To use the “google” provider you will need to set up your own Google Programmable Search Engine and also enable the Programmable Search Element Paid API. Then, ensure that the following environment variables are defined:

GOOGLE_CSE_ID — Google Custom Search Engine ID
GOOGLE_CSE_API_KEY — Google API key used to enable the Search API

Google supports the following options:

Option	Description
`num_results`	The number of relevant webpages whose contents are returned
`max_provider_calls`	Number of times to retrieve more links in case previous ones were irrelevant (defaults to 3)
`max_connections`	Maximum number of concurrent connections (defaults to 10)
`model`	Model to use to determine if search results are relevant (defaults to the model being evaluated)

Bash and Python

The bash() and python() tools enable execution of arbitrary shell commands and Python code, respectively.

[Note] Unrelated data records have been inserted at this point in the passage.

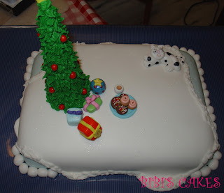 Miren su trabajo y vean el resultado, fue muy fácil trabajar con ella, la tarta con motivos navideños, nos encanto, su gatito, el platito de las galletas que espera a santa y su vasito de leche.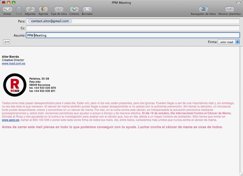 El cáncer de mama puede pasar desapercibido antes de que sea demasiado tarde. Con esta premisa utilizamos un medio que hasta entonces nunca nadie había usado: el texto de firma de mail. Porque pasa tan desapercibido que, a veces, ni lo vemos, como el propio cáncer. Durante el Día Mundial del Cáncer de Mama todos los miembros de la AECC cambiaron su cuerpo de mail por otro rosa, que no deja indiferente y que, sobre todo, llama a la concienciación de un problema social que nos afecta a todos.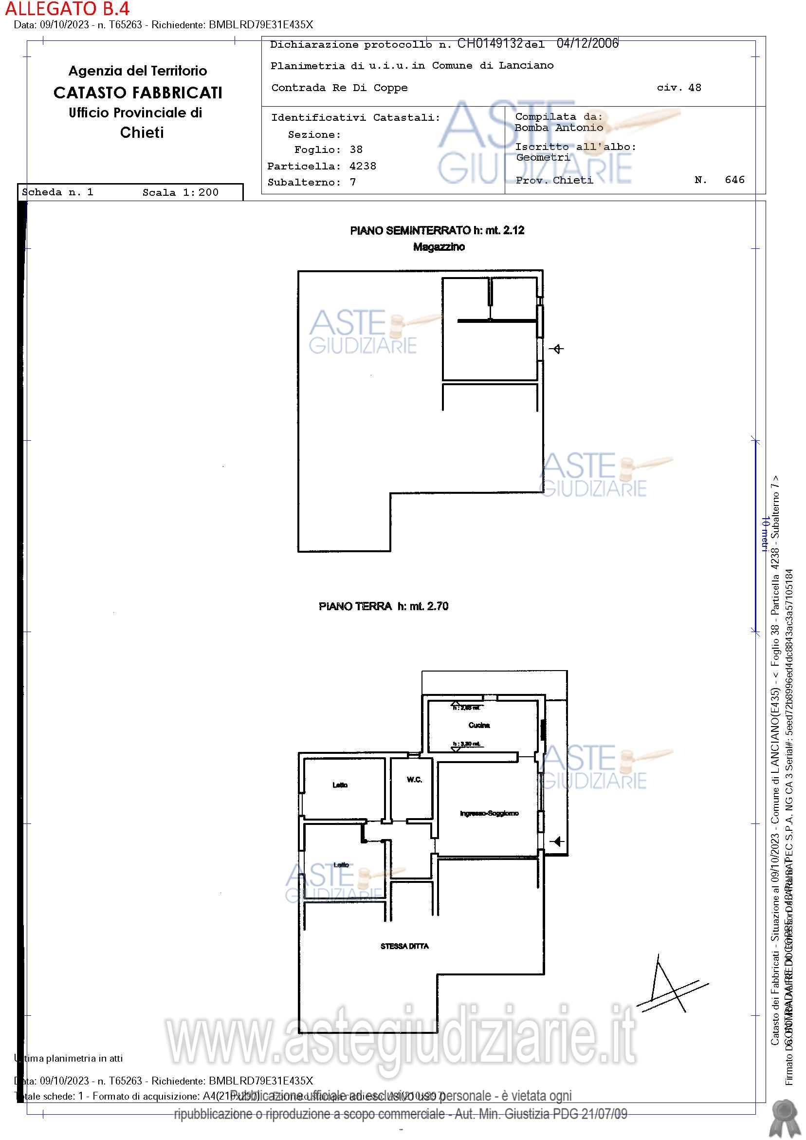 Vendita all'asta Senza incanto, con gara telematica asincrona - LOTTO UNICO: Diritto di piena proprietà appartamento sito al piano terra di un fabbricato con più abitazioni, con annessa corte esclusiva ed un magazzino (piccolo ripostiglio) al piano seminterrato a servizio dell’abitazione, appartamento composto da ingresso direttamente sul soggiorno, cucina e zona notte con due camere da letto, spazio esterno un bagno ed un piccolo wc, collegati al soggiorno da un disimpegno. Prezzo base € 96.000,00 (offerta minima € 72.000,00). Data inizio operazioni di vendita: 26/05/2026 ore 11:30. Giudice Chiara D'alfonso. Professionista delegato alla vendita Avv. Giuseppe Natarella - Email "natarellagiuseppe@gmail.com"; Cell. 3386957842. Custode Giudiziario Ivg - Email "ivglanciano@gmail.com"; Cell. 0872715361. Rif. Tribunale di Lanciano - Espropriazione immobiliare (cartabia) n. 42/2023

These tools require the use of a Sandbox Environment for the execution of untrusted code. For example, here is how you might use them in an evaluation where the model is asked to write code in order to solve capture the flag (CTF) challenges:

from inspect_ai.tool import bash, python

CMD_TIMEOUT = 180

@task
def intercode_ctf():
    return Task(
        dataset=read_dataset(),
        solver=[
            system_message("system.txt"),
            use_tools([
                bash(CMD_TIMEOUT), 
                python(CMD_TIMEOUT)
            ]),
            generate(),
        ],
        scorer=includes(),
        message_limit=30,
        sandbox="docker",
    )

We specify a 3-minute timeout for execution of the bash and python tools to ensure that they don’t perform extremely long running operations.

See the Agents section for more details on how to build evaluations that allow models to take arbitrary actions over a longer time horizon.

Bash Session

The bash_session() tool provides a bash shell that retains its state across calls from the model (as distinct from the bash() tool which executes each command in a fresh session). The prompt, working directory, and environment variables are all retained across calls. The tool also supports a restart action that enables the model to reset its state and work in a fresh session.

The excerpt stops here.